What you should do: Only the lines below between the one holding "據了解,黃女被找回後,整個人" and the one holding "2691 большой размер", inclusive, are to be reproduced word for word; the pictures are to be left out.

Task material:
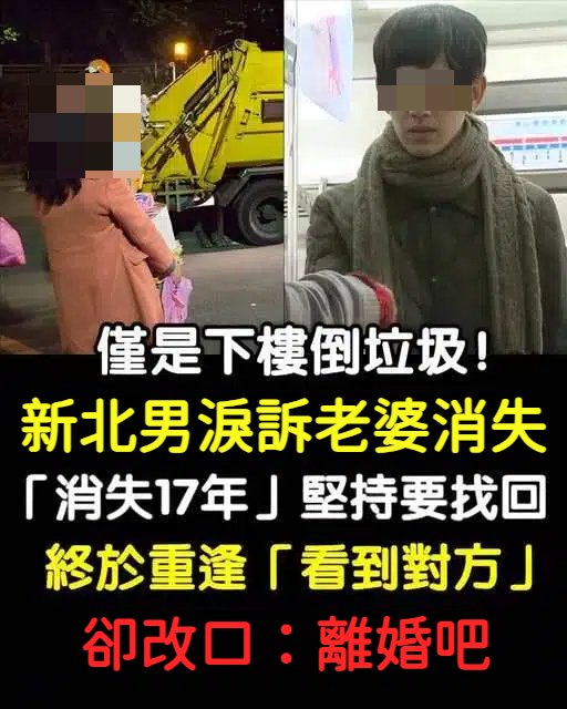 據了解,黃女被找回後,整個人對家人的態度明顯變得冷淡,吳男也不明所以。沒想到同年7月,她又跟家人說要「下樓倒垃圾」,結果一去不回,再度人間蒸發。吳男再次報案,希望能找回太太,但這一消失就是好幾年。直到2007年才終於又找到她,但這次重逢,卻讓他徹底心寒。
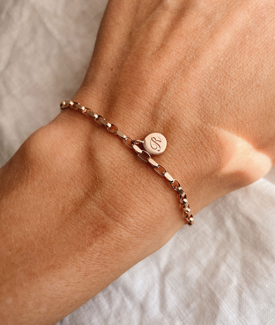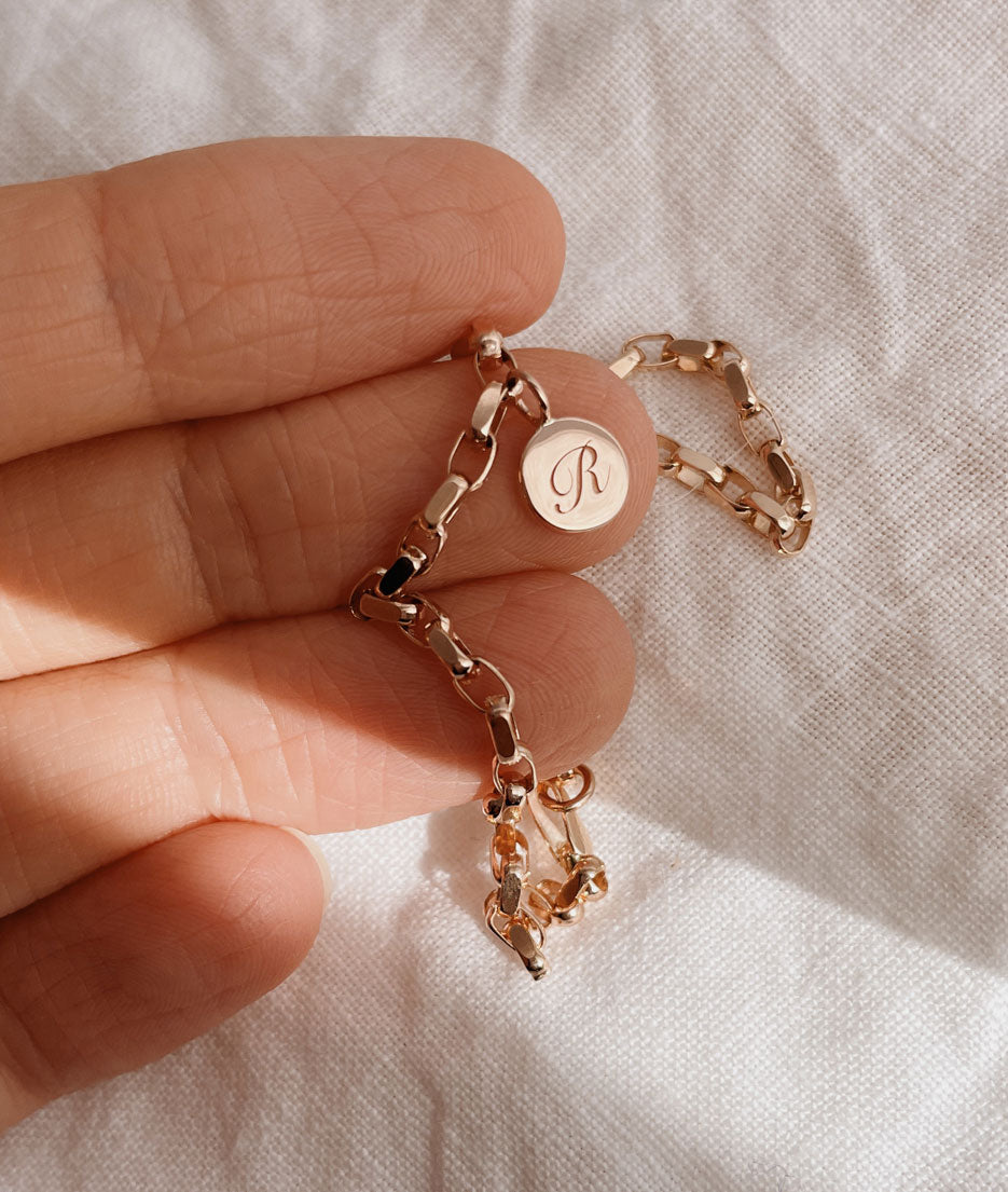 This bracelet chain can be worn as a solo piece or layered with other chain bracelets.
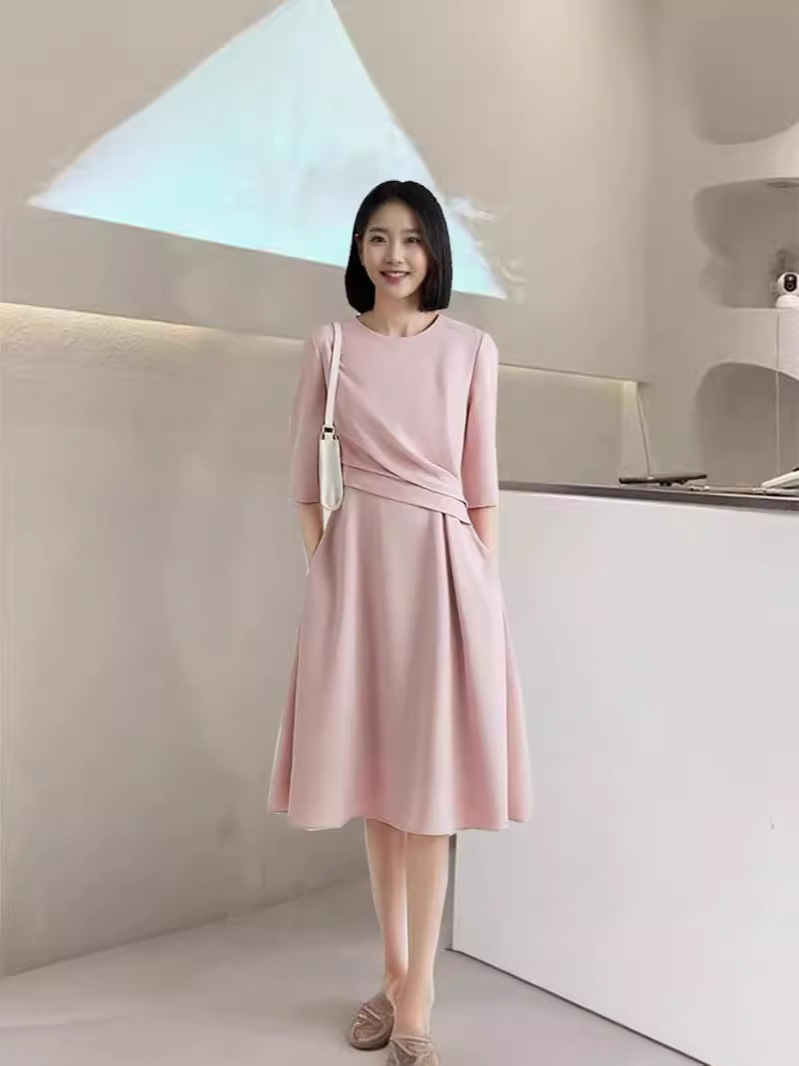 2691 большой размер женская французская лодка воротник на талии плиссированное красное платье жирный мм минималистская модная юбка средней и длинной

* * *

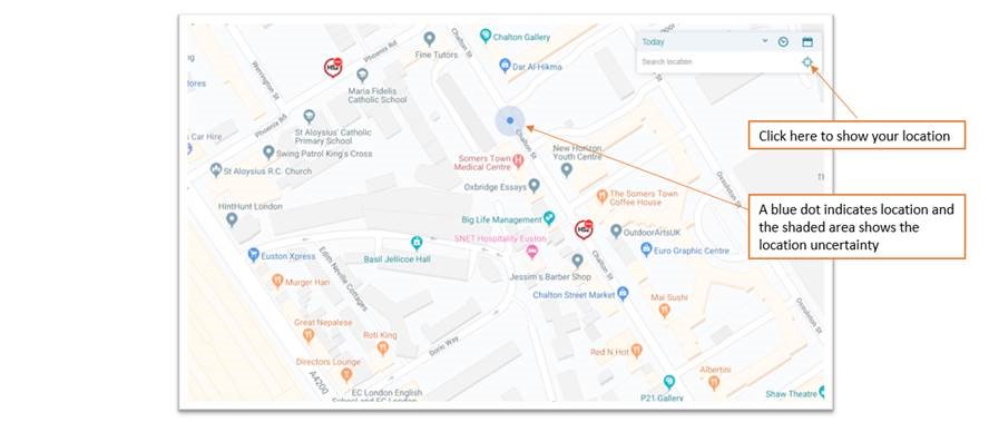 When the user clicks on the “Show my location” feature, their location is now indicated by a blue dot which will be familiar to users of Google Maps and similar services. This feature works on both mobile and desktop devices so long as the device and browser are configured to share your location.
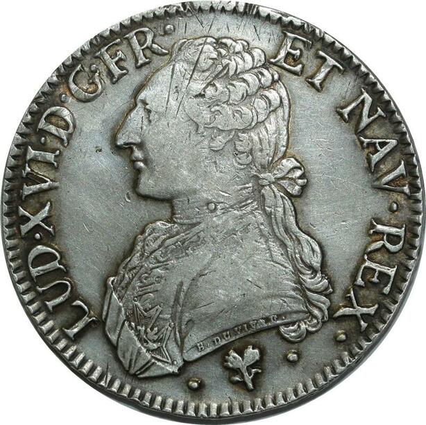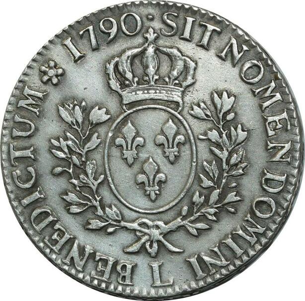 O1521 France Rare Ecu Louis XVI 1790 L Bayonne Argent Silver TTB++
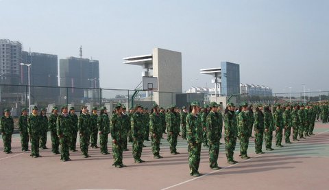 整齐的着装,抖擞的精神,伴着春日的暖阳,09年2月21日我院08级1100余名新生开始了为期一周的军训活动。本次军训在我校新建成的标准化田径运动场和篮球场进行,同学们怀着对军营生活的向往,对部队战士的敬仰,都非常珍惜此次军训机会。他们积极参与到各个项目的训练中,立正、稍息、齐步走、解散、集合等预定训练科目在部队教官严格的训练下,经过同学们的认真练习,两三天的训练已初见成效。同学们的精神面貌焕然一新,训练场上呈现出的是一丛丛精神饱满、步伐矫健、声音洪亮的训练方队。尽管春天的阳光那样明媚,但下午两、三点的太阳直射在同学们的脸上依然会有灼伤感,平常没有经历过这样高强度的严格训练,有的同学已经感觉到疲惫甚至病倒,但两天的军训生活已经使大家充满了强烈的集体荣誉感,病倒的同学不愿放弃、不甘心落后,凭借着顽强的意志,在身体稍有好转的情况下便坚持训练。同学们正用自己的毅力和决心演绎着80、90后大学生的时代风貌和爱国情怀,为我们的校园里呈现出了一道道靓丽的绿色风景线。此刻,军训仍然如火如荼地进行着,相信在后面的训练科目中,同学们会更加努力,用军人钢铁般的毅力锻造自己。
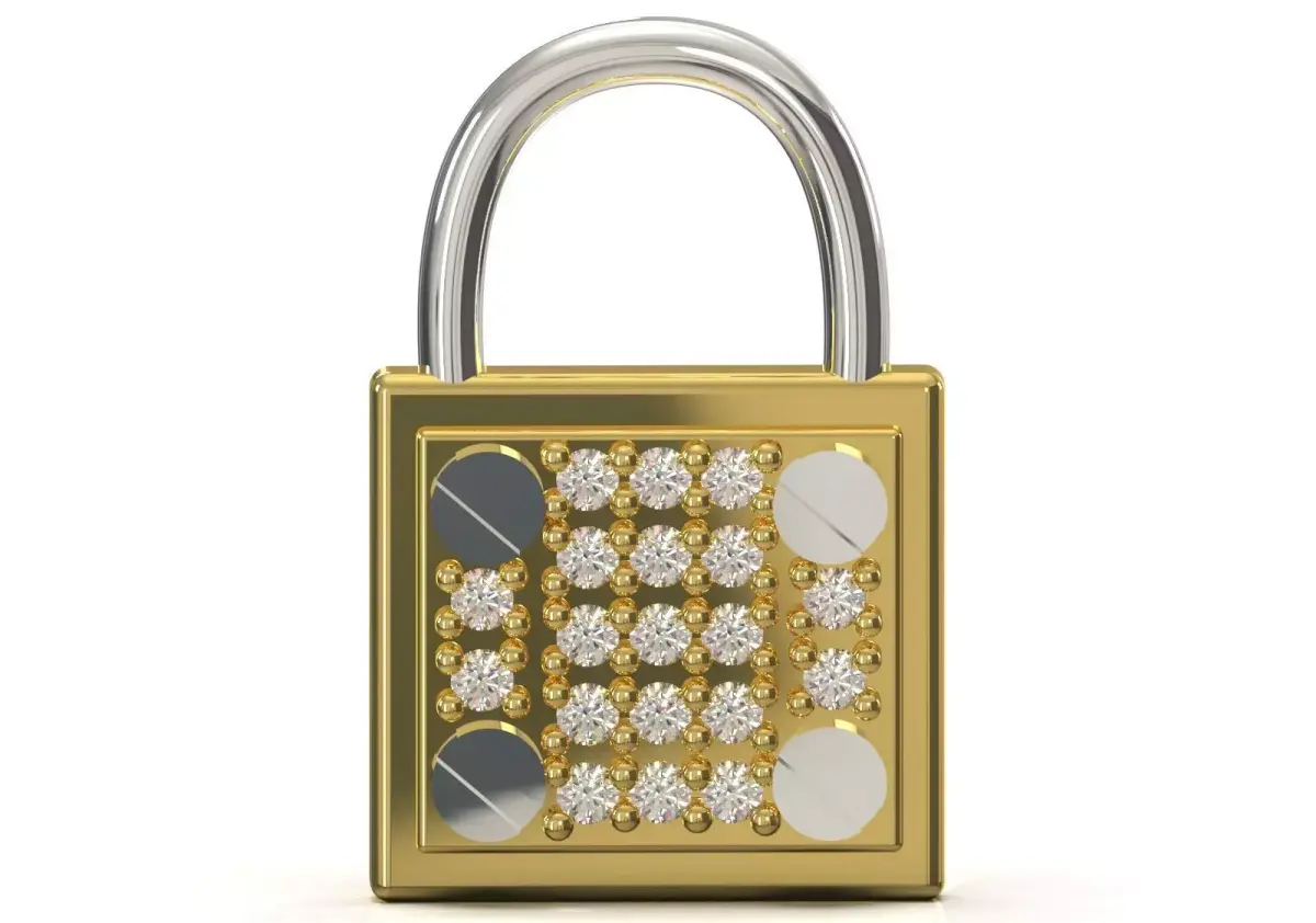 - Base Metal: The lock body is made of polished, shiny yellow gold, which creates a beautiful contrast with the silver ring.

Exercise solution:
 據了解,黃女被找回後,整個人對家人的態度明顯變得冷淡,吳男也不明所以。沒想到同年7月,她又跟家人說要「下樓倒垃圾」,結果一去不回,再度人間蒸發。吳男再次報案,希望能找回太太,但這一消失就是好幾年。直到2007年才終於又找到她,但這次重逢,卻讓他徹底心寒。
 This bracelet chain can be worn as a solo piece or layered with other chain bracelets.
 2691 большой размер женская французская лодка воротник на талии плиссированное красное платье жирный мм минималистская модная юбка средней и длинной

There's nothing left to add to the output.